Beans, beans, the magical pill!
The more you eat the less you ill.
The less you ill the better you feel.
Eat your beans at every meal!
Silly, I know. . . .but what if there were a magical pill, one that would
Lower your total cholesterol & LDL as much as the leading statin (cholesterol lowering drug)
Lower your risk of heart attack by 38% (Kabagambe et al, 2005)
Reduce your risk of type-2 diabetes by 38% (Villegas et al, 2008)
Lower fasting blood glucose and insulin levels
Reduce HbA1c as much as oral medication (Sievenpiper et al, 2009)
Furthermore, what if this magic pill had no negative side effects, was very inexpensive, and didn’t require a prescription? What if, on top of all that, this magic pill helped you achieve and maintain a healthy weight?
Beans versus cutting calories
In fact, when put head-to-head against caloric restriction, researchers found that bean consumption also resulted in a slimmer waistline (Mollard et al, 2012)! That’s right, half the test subjects were asked to eat MORE food (beans) while the other half were asked to eat LESS food (500 calories less per day!). The bean eaters also experienced a greater reduction in some of the risk factors for metabolic syndrome than the calorie restrictors.
Y’all, this is only one study, but numerous studies have uncovered associations between bean consumption and weight loss or lower body mass index.
Beans and satiety
For instance, due to their fiber and protein content, legumes appear to impart a sense of fullness and satiety (Marinangeli & Jones, 2012; McCrory et al, 2010).
Beans and protein
One study compared 4 different protein-rich diets, and the test group who ate the most beans lost the most weight and experienced significant reductions in waist circumference, body fat, blood pressure, and total cholesterol—all from just eating beans four days/week (Abete, 2009).
Best weight loss pill EVER
If you don’t mind a little Increased blood pressure and heart rate, insomnia, nervousness, restlessness, dependence, abuse or withdrawal, all of which may occur with long-term use of weight loss drugs, hey, go for it!
However, if you value your long-term health and want to enjoy a host of pleasant side effects (like decreased cholesterol and fasting blood sugar, etc.) check out the safest and cheapest weight loss pill, which can be found in the bulk section of your favorite natural foods store.

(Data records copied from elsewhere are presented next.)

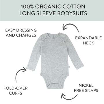 HonestBaby 5-Pack Long Sleeve Bodysuits One-Piece 100% Organic Cotton for Infant Baby Boys, Unisex, Natural Ombre,3-6 Months
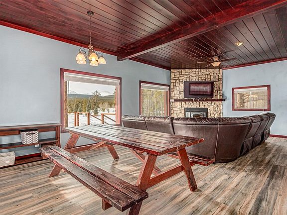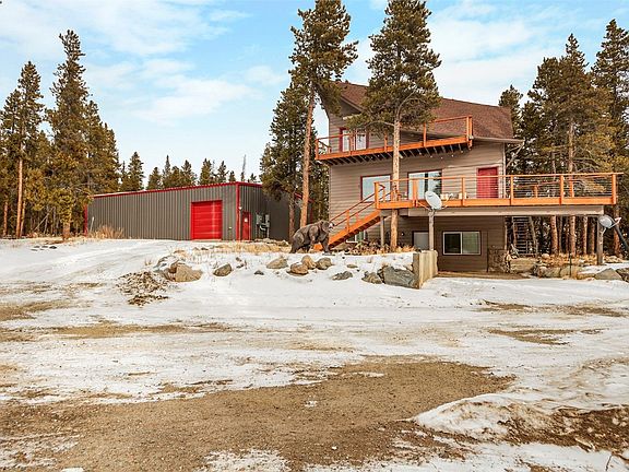 One of a kind property set on 9.83 acres with sweeping views of the Mosquito Range. Three levels of mountain living space, with a spacious one bedroom apartment on the lower level that can be locked off. 4 bedrooms and 3 bathrooms. Large deck affords stunning mountain views. Huge 40x60ft steel barn. Ideal for local business owner, toy shed...etc. Remodeled kitchen. Large wood burning fireplace insert on the main level. Flat access from HWY 9 and area surrounding the home and steel barn.
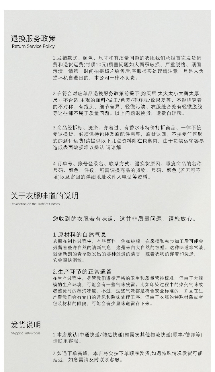 When factories process sweaters, in pursuit of a better appearance and feel, they will carry out certain treatments, which will also result in a few loose hairs remaining on the surface of the sweaters. These loose hairs will gradually fall off during subsequent wearing through friction and washing. It will not affect the quality of the sweater. For the problem of hair loss, you can try some simple treatment methods. For instance, use transparent tape or a lint remover to remove the loose fibers, or choose to wash the sweater with anti-static laundry detergent to reduce the occurrence of shedding. This phenomenon can be greatly alleviated through proper handling and maintenance. Sweater Purchase Tips: Thoughtful Tips on Shrinking Dear customer, thank you for choosing our sweater products! To ensure that you purchase satisfactory clothes, please carefully read the following precautions about sweater shrinkage before making a purchase: Shrinkage is a common characteristic of natural fabrics Natural materials such as wool, cashmere and cotton may slightly shrink (about 3% to 5%) when washed or heated due to the characteristics of the fibers. This is a normal phenomenon and not a quality issue. Synthetic fibers (such as polyester and acrylic) have a relatively low shrinkage rate, but their air permeability and warmth retention are relatively weak. 2. When making a purchase, it is recommended to "leave some leeway If you prefer a well-fitting effect, you can choose according to the normal size. If you are worried about shrinking, it is recommended to choose a size larger (especially for those with a high wool content). Refer to the "Fabric Composition" and "Washing Suggestions" on the product detail page. Special attention should be paid to the care methods for high-proportion wool (>50%). 3. Proper care can reduce the risk of shrinkage Washing method: It is recommended to hand wash or choose the "wool mode" of the washing machine. The water temperature should be ≤30℃ and avoid prolonged soaking. Drying method: Lay flat and dry in the shade. Do not hang or expose to direct sunlight to prevent deformation. Ironing technique: Iron with a medium or low-temperature cloth to avoid direct contact with the fibers. |
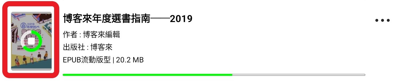 在書櫃點選書封即會出現下載圖示,下載完成後再點書封,即會開啟電子書

Finally, if you’re looking for a way to get more beans in your diet, check out WellBean, the snack bar that actually improves the overall quality of your diet with three nutrient-rich ingredients--beans, fruit, and nuts. Fill yourself with WellBean. :-)
Kabagambe, E. K., Baylin, A., Ruiz-Narvarez, E., Siles, X., & Campos, H. (2005). Decreased consumption of dried mature beans is positively associated with urbanization and nonfatal acute myocardial infarction. The Journal of nutrition, 135(7), 1770-1775.

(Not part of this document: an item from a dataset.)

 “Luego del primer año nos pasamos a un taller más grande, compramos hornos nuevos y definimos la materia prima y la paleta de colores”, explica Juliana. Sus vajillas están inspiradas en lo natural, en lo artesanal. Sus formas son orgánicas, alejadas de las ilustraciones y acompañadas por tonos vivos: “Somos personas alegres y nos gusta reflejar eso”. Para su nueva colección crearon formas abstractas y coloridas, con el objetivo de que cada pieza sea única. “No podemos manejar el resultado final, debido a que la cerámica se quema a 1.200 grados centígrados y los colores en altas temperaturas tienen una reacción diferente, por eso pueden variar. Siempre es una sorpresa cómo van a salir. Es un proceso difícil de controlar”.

Marinangeli, C. P., & Jones, P. J. (2012). Pulse grain consumption and obesity: effects on energy expenditure, substrate oxidation, body composition, fat deposition and satiety. British Journal of Nutrition, 108(S1), S46-S51.
McCrory, M. A., Hamaker, B. R., Lovejoy, J. C., & Eichelsdoerfer, P. E. (2010). Pulse consumption, satiety, and weight management. Advances in Nutrition, 1(1), 17-30.
Mollard, R. C., Luhovyy, B. L., Panahi, S., Nunez, M., Hanley, A., & Anderson, G. H. (2012). Regular consumption of pulses for 8 weeks reduces metabolic syndrome risk factors in overweight and obese adults. British Journal of Nutrition, 108(S1), S111-S122.
Sievenpiper, J. L., Kendall, C. W. C., Esfahani, A., Wong, J. M. W., Carleton, A. J., Jiang, H. Y., ... & Jenkins, D. J. A. (2009). Effect of non-oil-seed pulses on glycaemic control: a systematic review and meta-analysis of randomised controlled experimental trials in people with and without diabetes.
Villegas, R., Gao, Y. T., Yang, G., Li, H. L., Elasy, T. A., Zheng, W., & Shu, X. O. (2008). Legume and soy food intake and the incidence of type 2 diabetes in the Shanghai Women's Health Study. The American journal of clinical nutrition, 87(1), 162-167.